# all new!



## handideaks (Feb 6, 2009)

Hello everyone. My husband has just been offered a job in Canada which we all keen for him to take. We have talked about emigrating for 18 months plus now, so this is just what we've been waiting for. 

However, we know nothing! Can anyone offer advice on where we start? Right from the basics.
To start with, he can go over and start work and we could follow! 

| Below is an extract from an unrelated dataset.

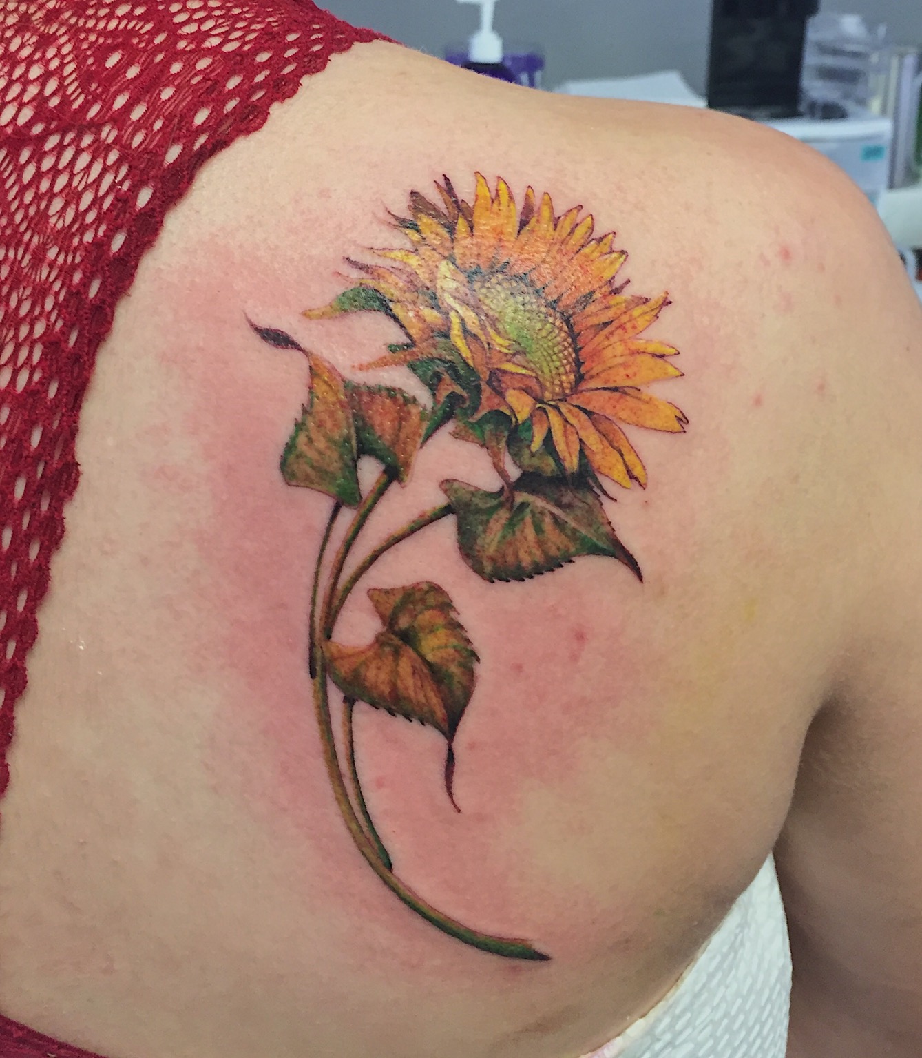 Sunflower tattoo by Amanda @ EvolvInk NJ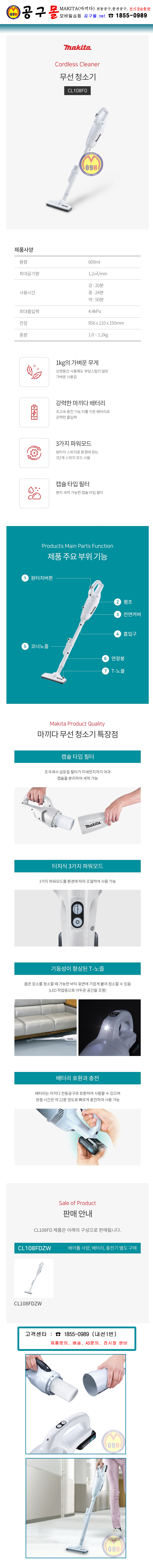 마끼다 12V 청소기 CL108FDZW (베어툴) MAKITA, 원터치 스위치, 종이 / 천 먼지주머니, 공구몰

We have 2 children aged 5 and 2.
Look forward to your postsx


----------



## Black Tie (Feb 8, 2009)

to start with we need to know where is he getting his job, I mean which city is he gonna work in Canada. which part of canada are you planning to reside etc etc.



handideaks said:


> Hello everyone. My husband has just been offered a job in Canada which we all keen for him to take. We have talked about emigrating for 18 months plus now, so this is just what we've been waiting for.
> 
> However, we know nothing! Can anyone offer advice on where we start? Right from the basics.
> To start with, he can go over and start work and we could follow!
> ...


----------



## handideaks (Feb 6, 2009)

hi, thanks for replying. My husband is an electrician and has been offered a job in Vancouver. We would like to live near where he works but have heard this is the most expensive area!
Any suggestions would be helpful.


----------



## Black Tie (Feb 8, 2009)

Hi,
Its a major city of Canada hence its expensive, but you can find decent accomodation in suburbs which are boutifull for a decent price. I am from Toronto area thats why I will suggest you to do some research online. try this website.

Kijiji Vancouver Classifieds: Free Classified Ads for Vancouver, British Columbia




handideaks said:


> hi, thanks for replying. My husband is an electrician and has been offered a job in Vancouver. We would like to live near where he works but have heard this is the most expensive area!
> Any suggestions would be helpful.


----------